Thursday, September 20, 2012

Not Enough

“You might actually win that trip,” Jay said to me last night after looking at the list of twenty names. Twenty Compassion International children, sponsored through Blogging from the Boonies this month. I just marveled, thinking of each of those children and the generous sponsors who stepped up to say yes.

Truth is, I haven’t really allowed myself to think too much about how I might truly be in the running to win that trip with the Compassion Bloggers in 2013. As with all of my daydreams about traveling, I keep the idea at arm’s length, worried to set myself up for disappointment.

Last night, after the discussion with my husband, my thoughts started swirling once I imagined what it would be like to actually go on a Compassion Bloggers trip.

It wasn’t long before a string of panicked thoughts poured over me.

Your blog isn’t good enough.

You really aren’t a gifted writer.

There’s no way you could come back from a day on the streets of poverty and create a creative, compelling and coherent post that evening.

You are too young in your faith and aren’t really as well versed in the Bible as you should be.

You’re really not very fashionable either. You don’t want thousands of readers to see you in frumpy mom clothes.

The trip would break you. You would never be the same again.

Don’t you remember how socially awkward you are?

You are not enough.

You’re not.

In my anxiety, I wondered why I even wanted to go on that trip in the first place. What was I thinking?

Panic is no stranger to me and I have learned that in those times I need to draw close to the One who gives me strength.  I know there is an enemy who would like to discourage me.

But, the reality is that, alone, I am not enough.

Daily, I fall short of the glory of God. Daily, I need to seek Him.

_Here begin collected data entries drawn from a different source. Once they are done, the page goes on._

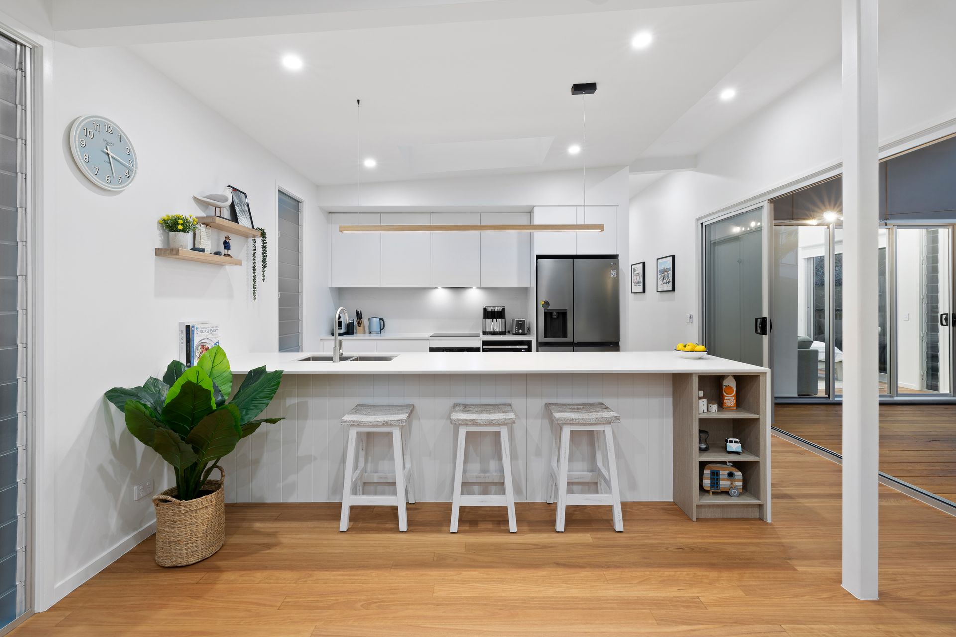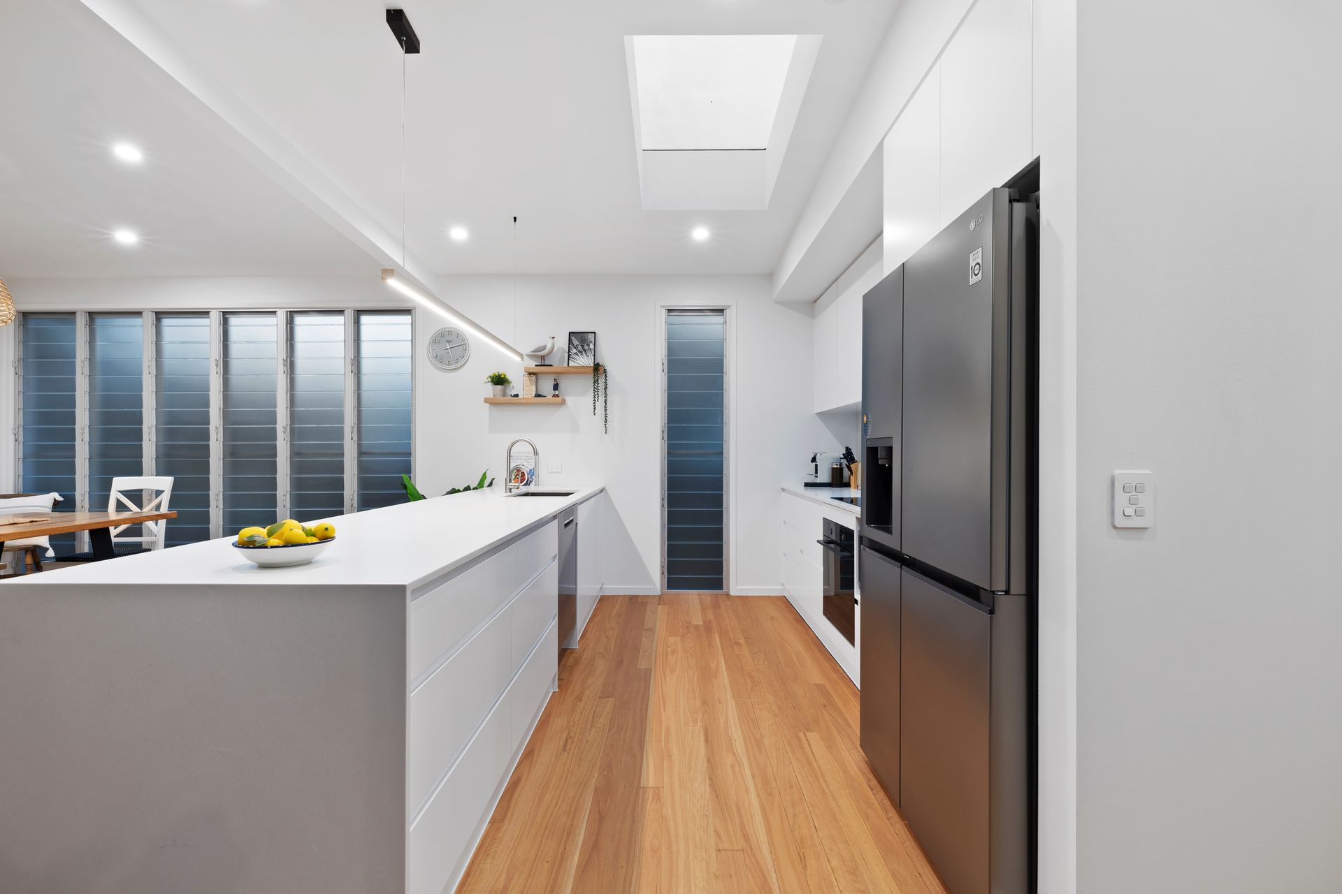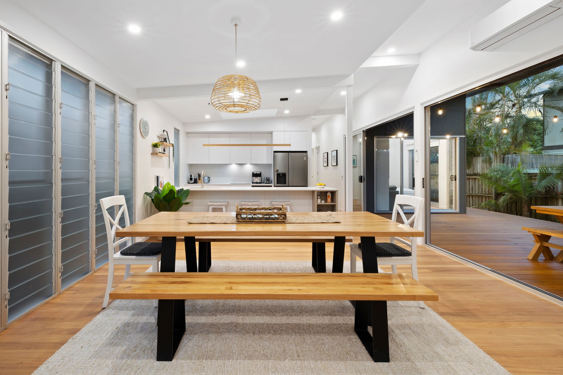The frosted louvres provide privacy or a beautiful breeze, creating a seamless connection between the kitchen and dining areas while enhancing both with soft natural light and airflow. The timber dining table is great for fitting the whole family for special occasions or group meals. Enjoy a light meal or connecting with your loved ones over the breakfast bar, which includes 3 bar stools.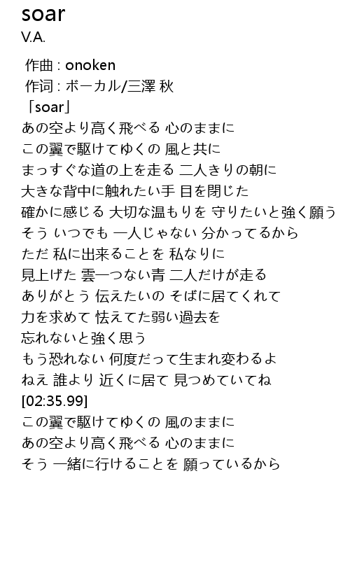 | [03:08.21] | あの空より高く飛べる 心のままに |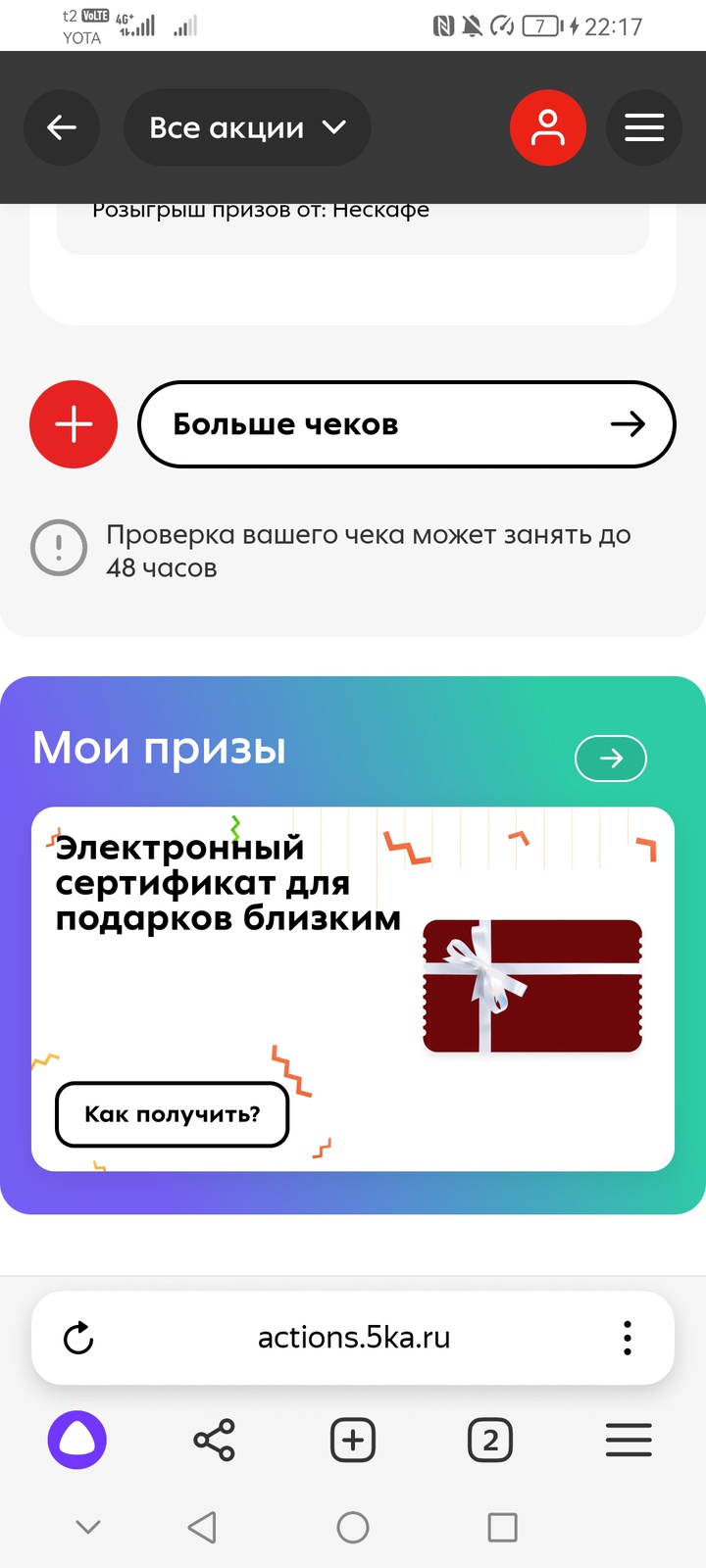 - Зарегистрируйте кассовый чек, подтверждающий покупку, на сайте акции.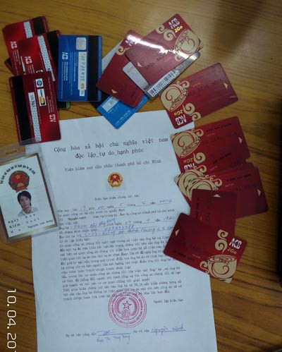 Cảnh sát thu giữ một thẻ được cho là của cán bộ VKSND TP HCM có dán hình, Biên bản kiểm chứng tài sản… nhưng đều sai quy cách và nhiều lỗi chính tả. Tại cơ quan công an, Yang Ti An thừa nhận tham gia đường dây lừa đảo qua điện thoại do người tên A Xương cầm đầu.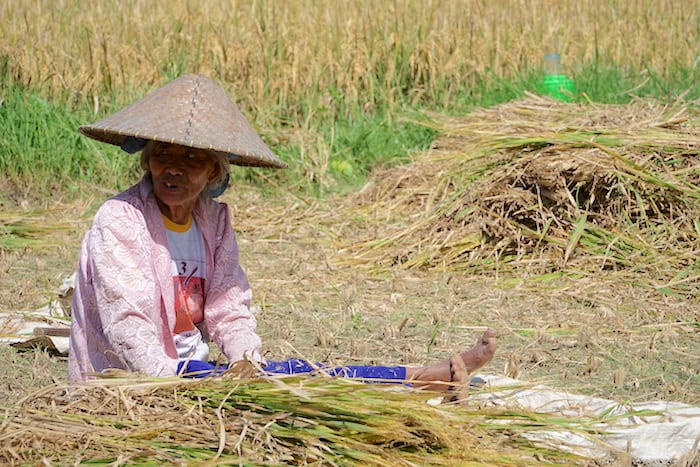 Una anziana signora si riposa durante l’estenuante raccolta manuale del riso – Foto di Matteo Bosi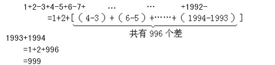 4-3=1、6-5=1、8-7=1、……1994-1993=1,從3~1994共有1994-2=1992個數,兩個數一組,共有1992÷2=996組,每組兩個數的差都是1,這996個差的總和是996,再加上原式中的1和2,最后計算的結果是999。具體過程如下: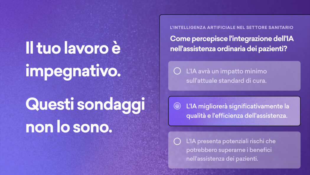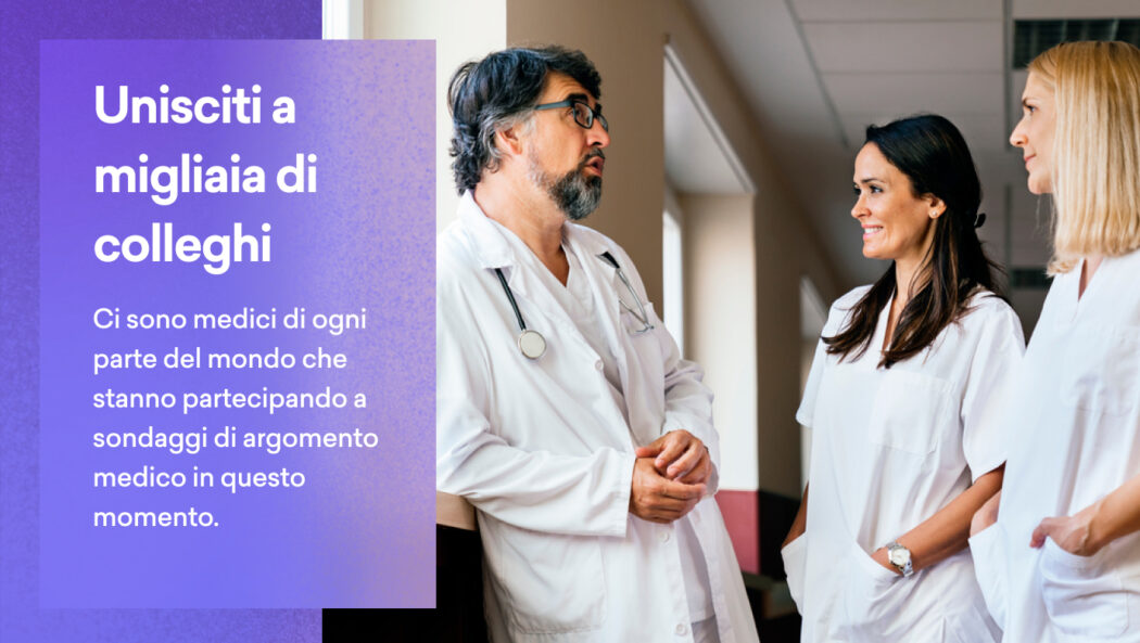 Quando i medici partecipano ai sondaggi, condividono osservazioni importanti che aiutano le organizzazioni in ambito medico-sanitario a plasmare gli sviluppi futuri. In cambio, apprendono informazioni su prodotti in fase di sviluppo o recentemente immessi in commercio che possono beneficiare le loro popolazioni di pazienti, ricevendo nel contempo un compenso. I medici rimangono informati sulle ultimissime soluzioni terapeutiche e forniscono considerazioni che possono direttamente migliorare l’assistenza ai pazienti. Si tratta di una situazione vantaggiosa per tutti.

His Word ministers to my worried heart.

Be anxious for nothing, but in everything by prayer and supplication with thanksgiving let your requests be made known to God. And the peace of God, which surpasses all comprehension, shall guard your hearts and your minds in Christ Jesus. Finally, brethren, whatever is true, whatever is honorable, whatever is right, whatever is pure, whatever is lovely, whatever is of good repute, if there is any excellence and if anything worthy of praise, let your mind dwell on these things.              Philippians 4:6-8

For now, I will look to God for the peace that can found with Him. I’ll focus on the blessing of more children being sponsored through Compassion International and rest on the comfort that God is in control.